In Switzerland, as elsewhere, concerned parties such as public health authorities and specialists in such areas as veterinary medicine, the food industry and agriculture, to name just a few, are alarmed by the emergence and spread of bacterial resistance to antibiotics. If this trend continues, we may soon find ourselves deprived of antibiotics able to act upon a certain number of clinically important bacteria, all the more so since pharmaceutical research gives little cause for hope that new classes of antibacterial agents are likely to be introduced in the near future. The widespread use of antibiotic selects for resistance genes in pathogenic bacteria, but also in commensal or environmental bacteria.
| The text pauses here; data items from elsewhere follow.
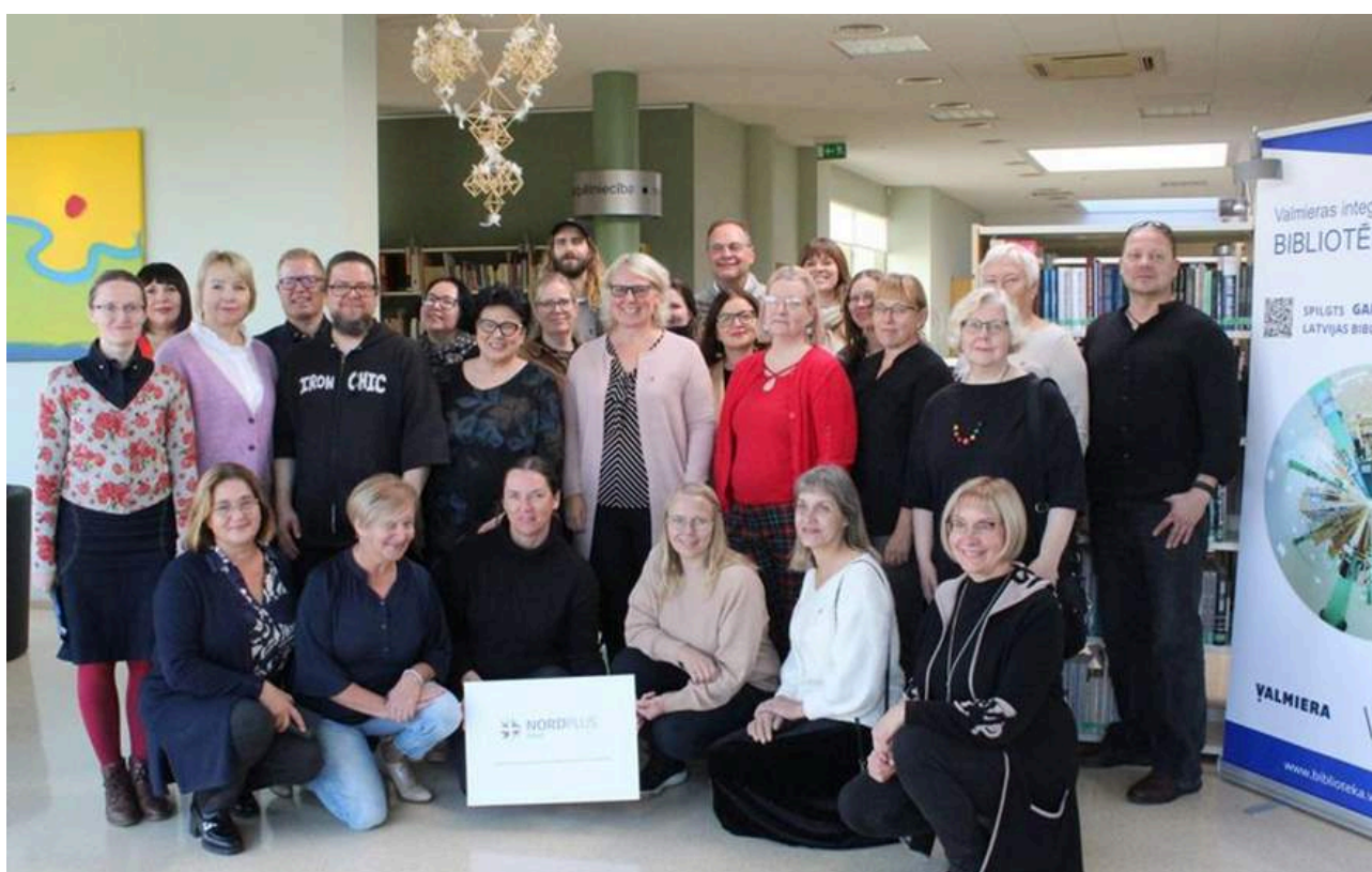
Starptautiskā bibliotēku nedēļa Valmierā, 10.-13.10.2023.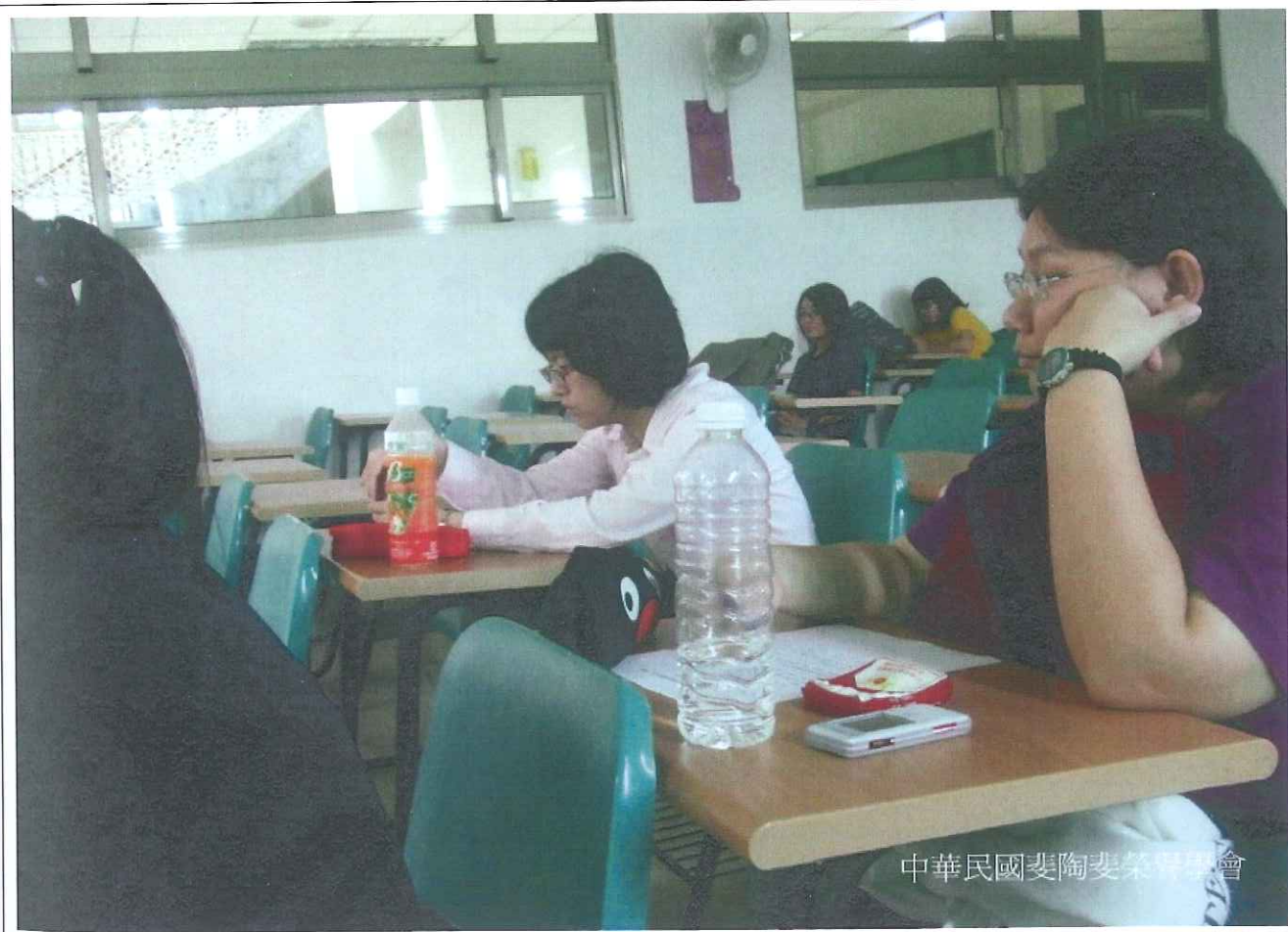
中華民國妻陶妻榮譽學會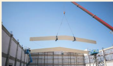
Postęp prac na budowie hali sportowej w Stawiskach

These genes may spread to pathogenic bacteria making therapy more difficult, if not impossible. (Read more about The problem of antibiotic resistance - the situation abroad or The state of research in Switzerland.)
The NRP "Antibiotic Resistance" aims to:
| i) | Set up scientific strategies and new methods applicable to a prospective system of resistance monitoring; |
| ii) | Achieve a representative survey of the current situation concerning resistance in Switzerland, in all relevant areas (human and animal populations, animal husbandry, foodstuffs, the environment, etc.); |
| iii) | Determine the degree of mobility of resistant bacteria and resistance genes, and assess the risk for medical therapy that resistance presents in the several areas in question; |
| iv) | Boost molecular studies on bacterial resistance with a view to promoting the development of new antibiotics and new methods of in vitro detection; |
| v) | Pinpoint the social, legal, ethical and economic consequences of antibiotic resistance and of a possible modification of rulings on their use. The programme’s findings are guaranteed to have an impact on public health, agriculture, food technology, bacteriology, pharmaceutical research, the economy and society at large. |
CHF 12 million will be made available over a 5-year period in order to accomplish this multidisciplinary task.